►

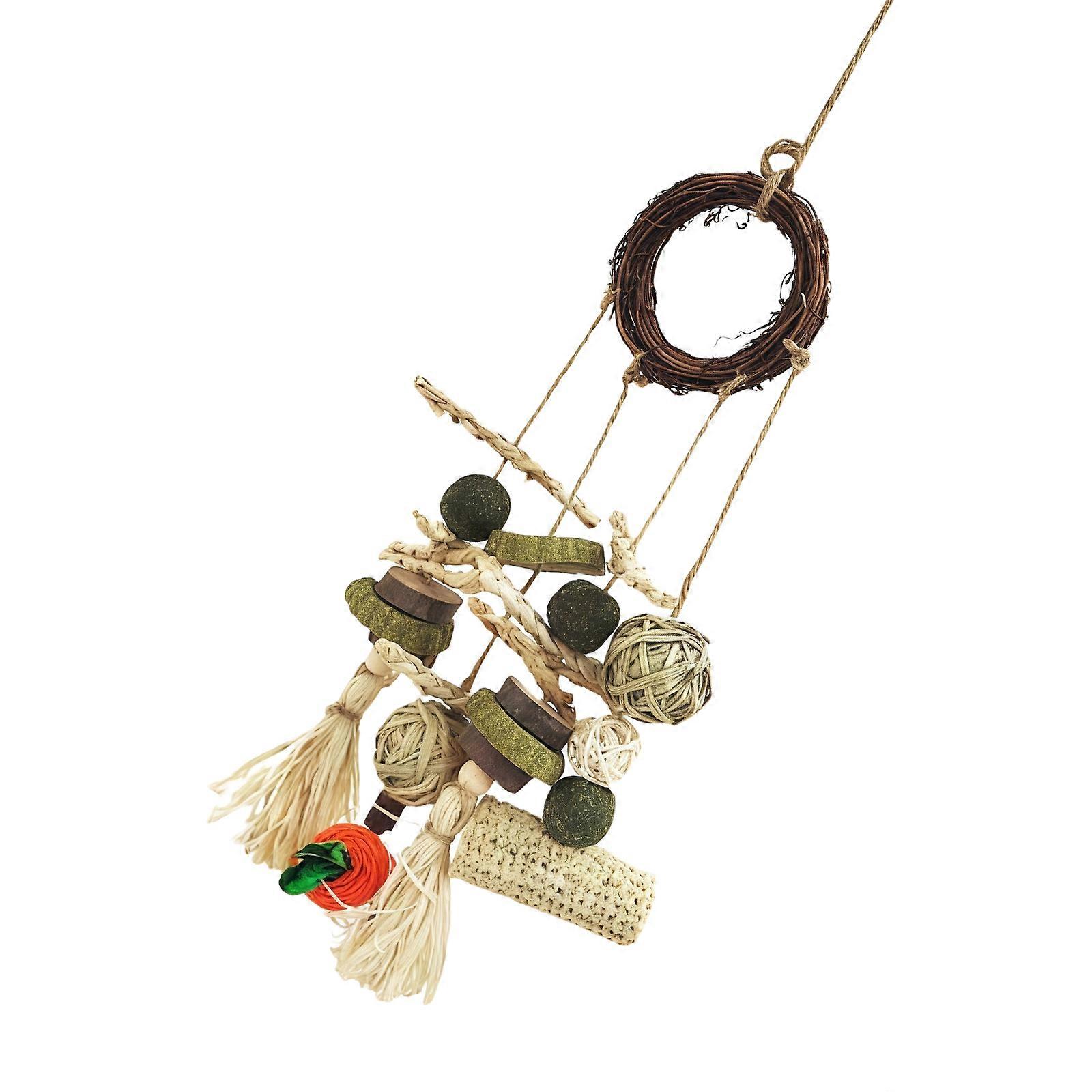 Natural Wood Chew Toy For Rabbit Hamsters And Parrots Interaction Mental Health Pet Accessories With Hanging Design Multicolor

◄
►

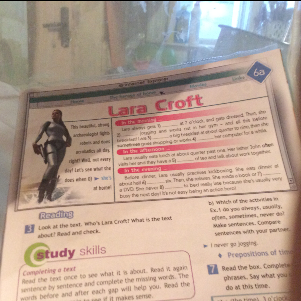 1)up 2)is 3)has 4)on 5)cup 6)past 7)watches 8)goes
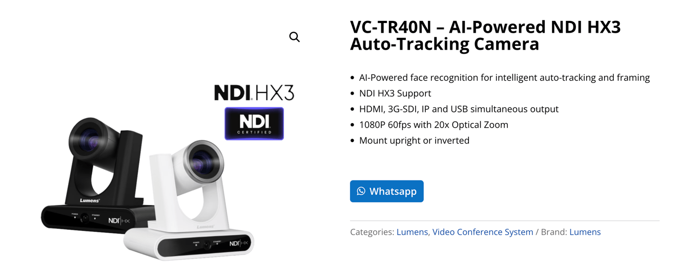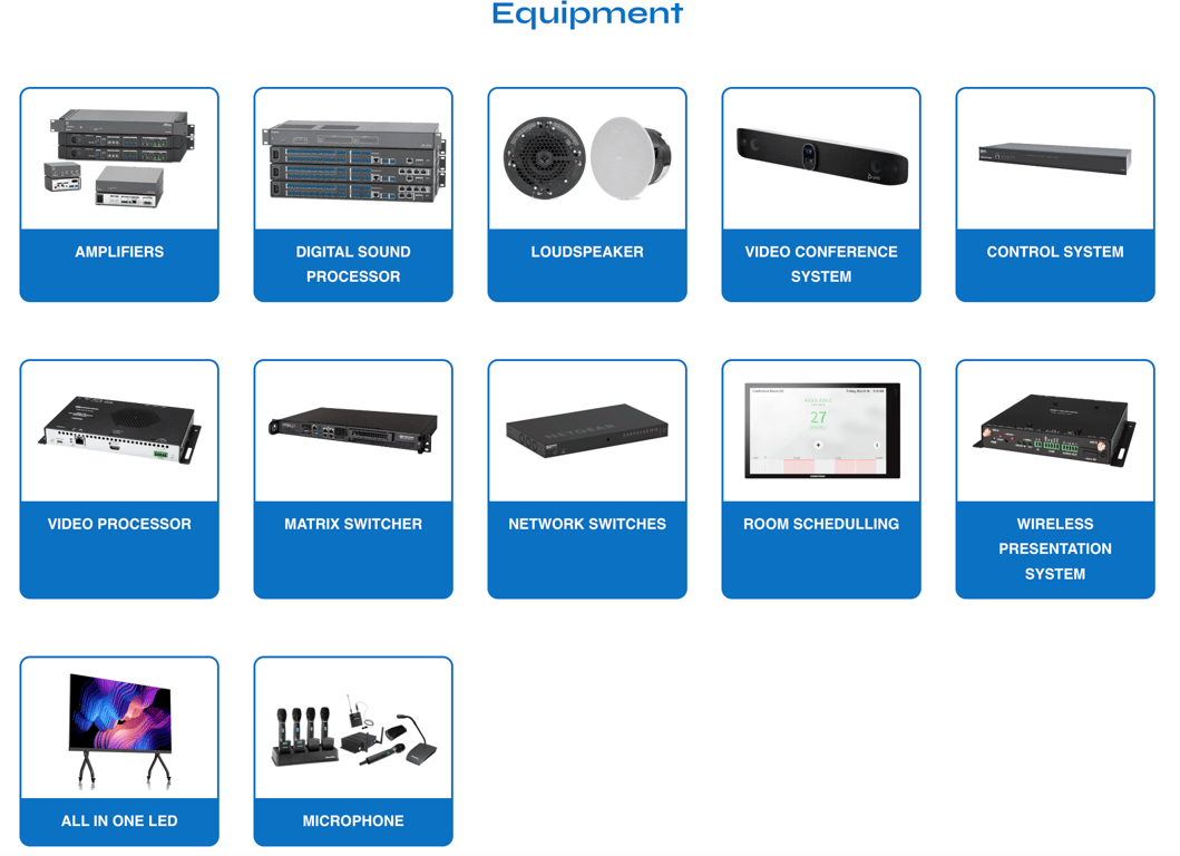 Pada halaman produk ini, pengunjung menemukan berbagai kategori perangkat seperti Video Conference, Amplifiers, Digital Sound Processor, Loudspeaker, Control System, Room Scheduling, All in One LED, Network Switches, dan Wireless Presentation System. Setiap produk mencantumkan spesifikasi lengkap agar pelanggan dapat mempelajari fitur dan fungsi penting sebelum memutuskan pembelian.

◄
►

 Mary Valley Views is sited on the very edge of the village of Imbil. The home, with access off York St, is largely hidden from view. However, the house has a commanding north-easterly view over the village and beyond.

◄

**PROBLEM**
Leaving pictures out, output the lines of the data above from the one with "1)up 2)is 3)has" through the one with "Pada halaman produk", word for word.

**RESULT OF THE TASK**
 1)up 2)is 3)has 4)on 5)cup 6)past 7)watches 8)goes
 Pada halaman produk ini, pengunjung menemukan berbagai kategori perangkat seperti Video Conference, Amplifiers, Digital Sound Processor, Loudspeaker, Control System, Room Scheduling, All in One LED, Network Switches, dan Wireless Presentation System. Setiap produk mencantumkan spesifikasi lengkap agar pelanggan dapat mempelajari fitur dan fungsi penting sebelum memutuskan pembelian.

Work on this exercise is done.